Start of Provided data
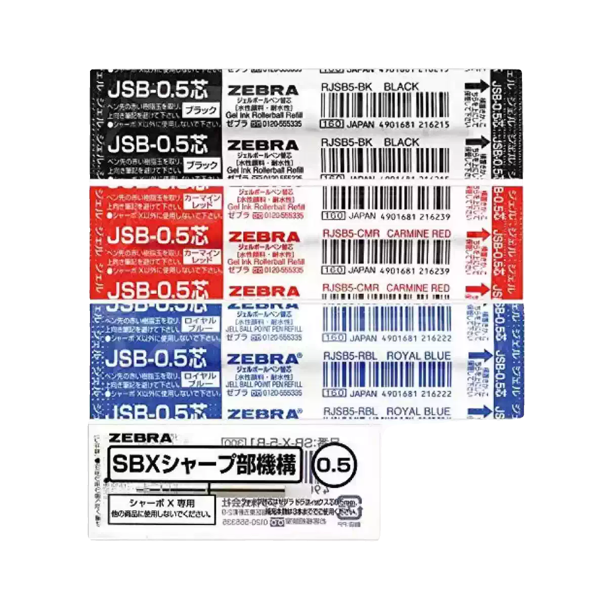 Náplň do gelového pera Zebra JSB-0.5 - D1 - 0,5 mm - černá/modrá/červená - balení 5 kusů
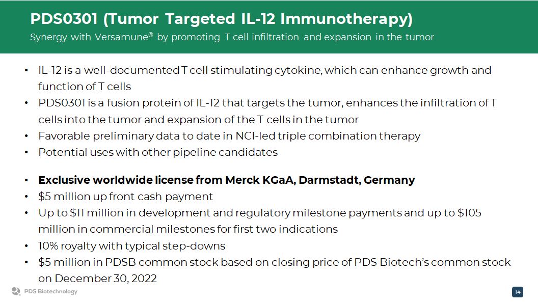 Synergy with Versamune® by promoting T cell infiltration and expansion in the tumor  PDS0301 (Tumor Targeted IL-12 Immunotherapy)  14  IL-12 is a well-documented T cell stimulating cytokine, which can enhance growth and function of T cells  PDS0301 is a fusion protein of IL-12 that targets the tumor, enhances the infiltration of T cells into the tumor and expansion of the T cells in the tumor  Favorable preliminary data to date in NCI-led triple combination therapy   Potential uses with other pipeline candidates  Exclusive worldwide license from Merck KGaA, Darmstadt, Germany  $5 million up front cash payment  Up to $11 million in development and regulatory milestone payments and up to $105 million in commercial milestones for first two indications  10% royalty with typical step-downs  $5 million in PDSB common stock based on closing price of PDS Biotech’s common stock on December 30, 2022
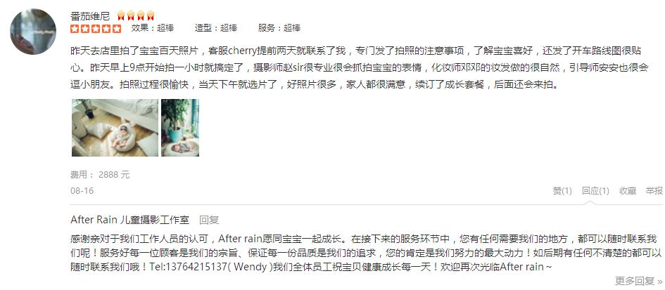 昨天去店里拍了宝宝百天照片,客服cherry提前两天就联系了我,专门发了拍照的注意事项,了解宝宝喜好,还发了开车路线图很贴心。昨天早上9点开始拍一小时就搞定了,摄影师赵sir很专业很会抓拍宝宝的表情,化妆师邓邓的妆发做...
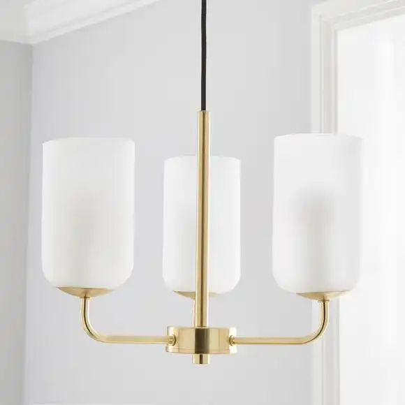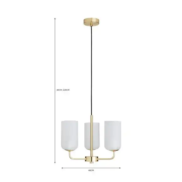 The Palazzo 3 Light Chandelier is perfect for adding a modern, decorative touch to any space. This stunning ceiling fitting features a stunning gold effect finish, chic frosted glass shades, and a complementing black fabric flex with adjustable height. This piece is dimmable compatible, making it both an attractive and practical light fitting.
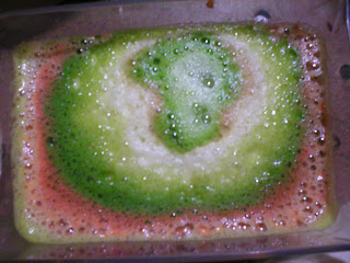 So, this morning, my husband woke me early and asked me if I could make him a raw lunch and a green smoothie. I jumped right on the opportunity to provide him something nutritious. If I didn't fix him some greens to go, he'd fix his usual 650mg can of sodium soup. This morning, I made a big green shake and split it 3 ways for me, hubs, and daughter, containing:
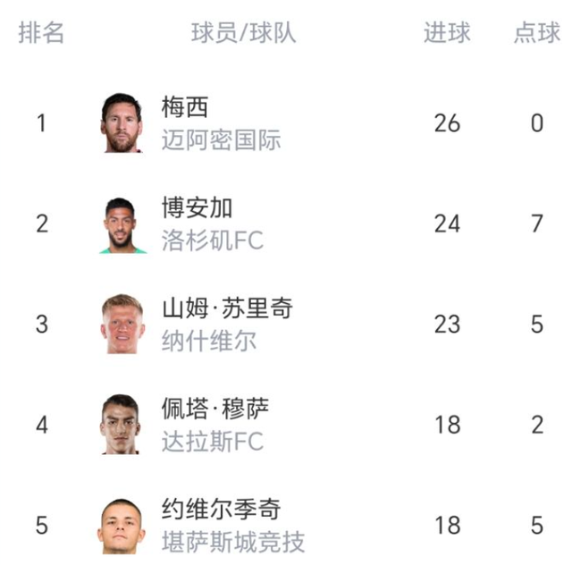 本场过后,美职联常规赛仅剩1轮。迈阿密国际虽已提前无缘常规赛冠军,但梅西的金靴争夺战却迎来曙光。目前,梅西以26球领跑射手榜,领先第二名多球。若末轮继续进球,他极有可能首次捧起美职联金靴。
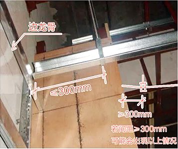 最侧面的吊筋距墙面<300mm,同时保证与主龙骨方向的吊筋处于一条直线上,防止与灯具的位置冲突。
End of Provided data
### Exercise directions
Every line from the top of the material above through the line with "Synergy with Versamune®" should be duplicated exactly, please; leave out the pictures.

### Reply
 Náplň do gelového pera Zebra JSB-0.5 - D1 - 0,5 mm - černá/modrá/červená - balení 5 kusů
 Synergy with Versamune® by promoting T cell infiltration and expansion in the tumor  PDS0301 (Tumor Targeted IL-12 Immunotherapy)  14  IL-12 is a well-documented T cell stimulating cytokine, which can enhance growth and function of T cells  PDS0301 is a fusion protein of IL-12 that targets the tumor, enhances the infiltration of T cells into the tumor and expansion of the T cells in the tumor  Favorable preliminary data to date in NCI-led triple combination therapy   Potential uses with other pipeline candidates  Exclusive worldwide license from Merck KGaA, Darmstadt, Germany  $5 million up front cash payment  Up to $11 million in development and regulatory milestone payments and up to $105 million in commercial milestones for first two indications  10% royalty with typical step-downs  $5 million in PDSB common stock based on closing price of PDS Biotech’s common stock on December 30, 2022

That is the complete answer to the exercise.